Итак, подводя итога, можно сказать, что именно творчество осуществляет неосознаваемое человеком «возвращение к самому себе», т. е. к статусу органического единства с миром, возвращение человечества в шкуру Адама, а самого Адама — в рай.

6

Всевышний — слава Ему! — даёт мудрость лишь тому, кто мудр.

Гемара

Теперь — о связи этих наблюдений с современностью. Для начала зададимся вопросом: если всё сказанное истинно, то почему именно сегодня эти идеи претендуют на злободневность? Почему именно сегодня встала во весь свой рост проблема бессознательного, которая не могла оказаться кардинальной, если 6ы не была повязана с кардинальными аспектами бытия? Почему сегодня появился Фрейд, и почему не вчера, а сегодня человек, высказавший те же догадки, которые мы связываем с именем психиатра из Вены, оказался вдруг столь же популярным, как Магомет и Будда, т. е. люди, говорившие людям о самом главном? Ведь структура бытия в самом обобщенном смысле этого понятия не изменилась и измениться не может. Ведь и вчера человек мог ощущать и осознавать, что только в творчестве он способен преодолевать трагедию конца, что именно творчество является чудодейственным источником жизни. Что произошло?

А произошло, и именно сегодня, нечто существенное.

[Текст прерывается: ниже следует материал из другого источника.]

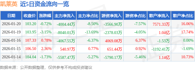 证券之星消息,截至2026年1月20日收盘,凯莱英(002821)报收于103.2元,下跌0.72%,换手率1.45%,成交量4.6万手,成交额4.71亿元。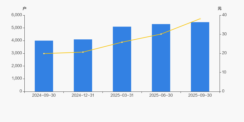 自2024年9月30日以来,公司股东户数连续4期上涨,截至目前增幅为36.32%。2024年9月30日至2025年9月30日区间股价上涨91.87%。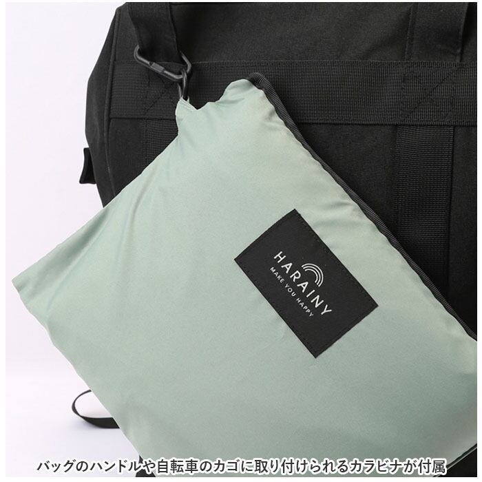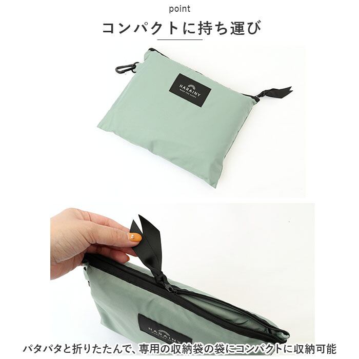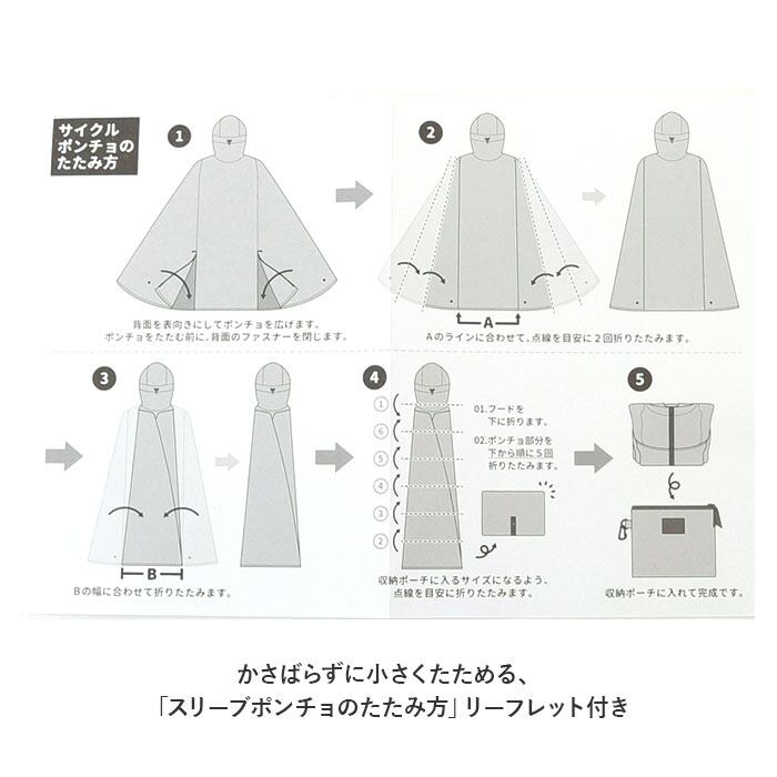 ・パタパタと折りたたんで、専用の収納袋の袋にコンパクトに収納可能。バッグのハンドルや自転車のカゴに取り付けられるカラビナが付属。(※かさばらずに小さくたためる、「スリーブポンチョのたたみ方」リーフレット付き。)

Настойчивая в безудержная эскалация рационализма во всех его проявлениях, на всех направлениях и уровнях, обернулась сегодня тем «количественным скачком», который принципиально меняет картину бытия. Весь комплекс хорошо известных процессов, таких, как «массовизация» мира, всеохватная и всепроникающая секуляризация, дробление отдельных сил внутри человека, его разобщение с мирозданием, разобщение людей меж собой (нравственно-духовное, политическое, экономически-практическое), рационалистическая — а по существу и по конечному выражению — уродливо абсурдная формализация человеческих инстинктов, обернувшаяся хотя бы безотчетным совершенствованием и увеличением средств самоубиения, — весь этот грузный и грозный конгломерат явлений, уходящих корнями в фетишизированный рационализм, повис уже тяжелой гирей на шестернях механизма, балансирующего человеческое бытие с его сознанием. Мехзанизм этот словно бы уже износился, и признаки тому — самые разнообразные. Это, с одной стороны, социальная депрессия и безынициативность человека в ожидании апокалипсиса, а с другой — суматошно-хаотического метания в отчаянных и бесконечных попытках спастись посредством всевозможных революций (экономических, политических, моральных, «революций сознания», расовых, классовых битв, конфронтаций полов, возрастов и пр.). Все подобное, быть может, и не ново, но ясно, что предельная интенсификация даже самых традиционных процессов не может не вызвать известных сдвигов в общей структуре бытия. Гомоцентризм, эта давнишняя «детская болезнь» общества, обрел уродливейше-гипертрофированные формы, выражаясь уже во всестороннем распадении и разобщении единого, распадении, начавшегося с той самой минуты, когда человек обособился не только от мира, созданного не им, но также и от мира сугубо человеческого, от «авторизованного» им мира. Одним словом, мощное ускорение и нагнетание привычных процессов и перемен привело в тому, чему «естественники» дали имя «сильной необратимости времени». Это последнее понятие выражает «отличие позже от раньше, вошедшее в теперь, ставшее внутренним определением теперь и устранившее таким образом фундаментальную апорию бытия: прошлое уже не существует, будущее еще не существует, настоящее — нулевая грань между тем и другим, ничто между ничто и ничто.